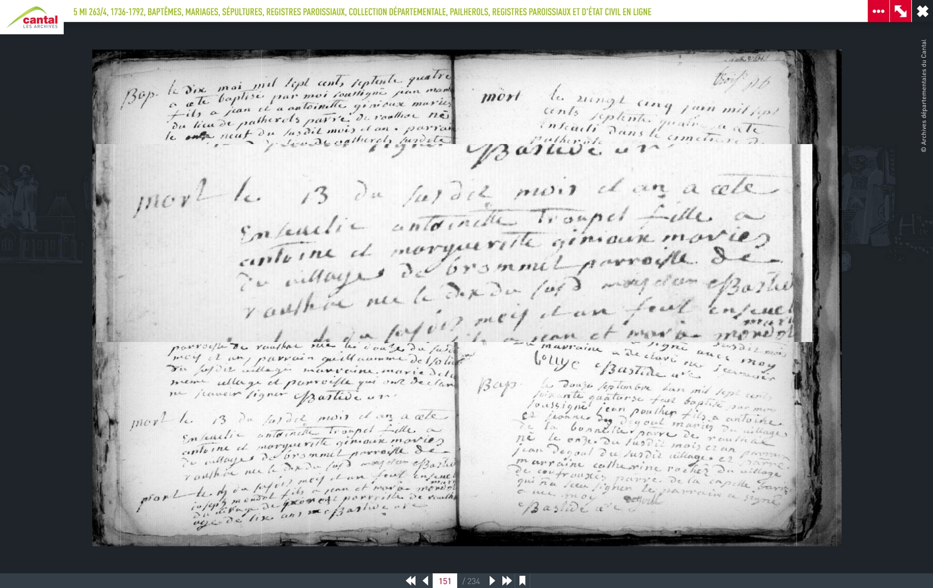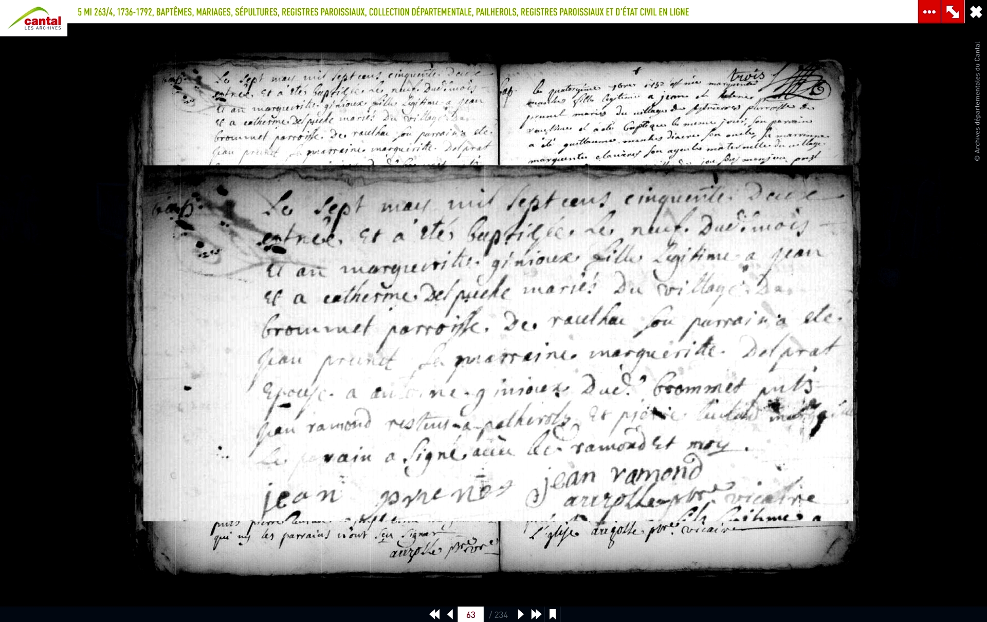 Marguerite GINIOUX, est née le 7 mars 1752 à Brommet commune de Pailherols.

==

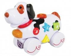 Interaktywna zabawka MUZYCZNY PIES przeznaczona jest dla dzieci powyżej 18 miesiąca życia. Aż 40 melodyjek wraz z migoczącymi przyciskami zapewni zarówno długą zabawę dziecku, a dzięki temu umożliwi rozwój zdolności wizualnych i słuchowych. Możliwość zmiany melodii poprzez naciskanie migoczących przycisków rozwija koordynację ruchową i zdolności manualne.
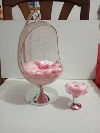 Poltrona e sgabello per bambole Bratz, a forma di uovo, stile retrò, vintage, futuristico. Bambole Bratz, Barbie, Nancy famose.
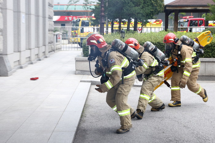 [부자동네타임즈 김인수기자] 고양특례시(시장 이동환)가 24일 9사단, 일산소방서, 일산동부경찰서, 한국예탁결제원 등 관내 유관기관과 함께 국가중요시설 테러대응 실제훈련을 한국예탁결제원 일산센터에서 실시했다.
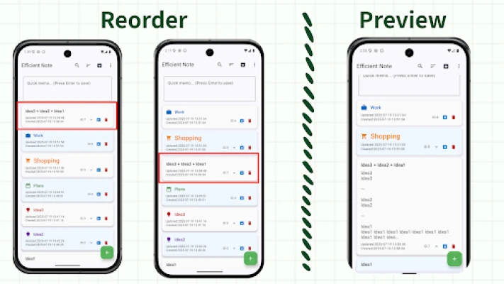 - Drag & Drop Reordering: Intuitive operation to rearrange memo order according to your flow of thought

:: Work to be completed ::
Would you set down only the lines above from the line with "[부자동네타임즈 김인수기자] 고양특례시(시장" to the line with "- Drag & Drop", both included, exactly as they stand and without the pictures?

:: Solution for this exercise ::
 [부자동네타임즈 김인수기자] 고양특례시(시장 이동환)가 24일 9사단, 일산소방서, 일산동부경찰서, 한국예탁결제원 등 관내 유관기관과 함께 국가중요시설 테러대응 실제훈련을 한국예탁결제원 일산센터에서 실시했다.
 - Drag & Drop Reordering: Intuitive operation to rearrange memo order according to your flow of thought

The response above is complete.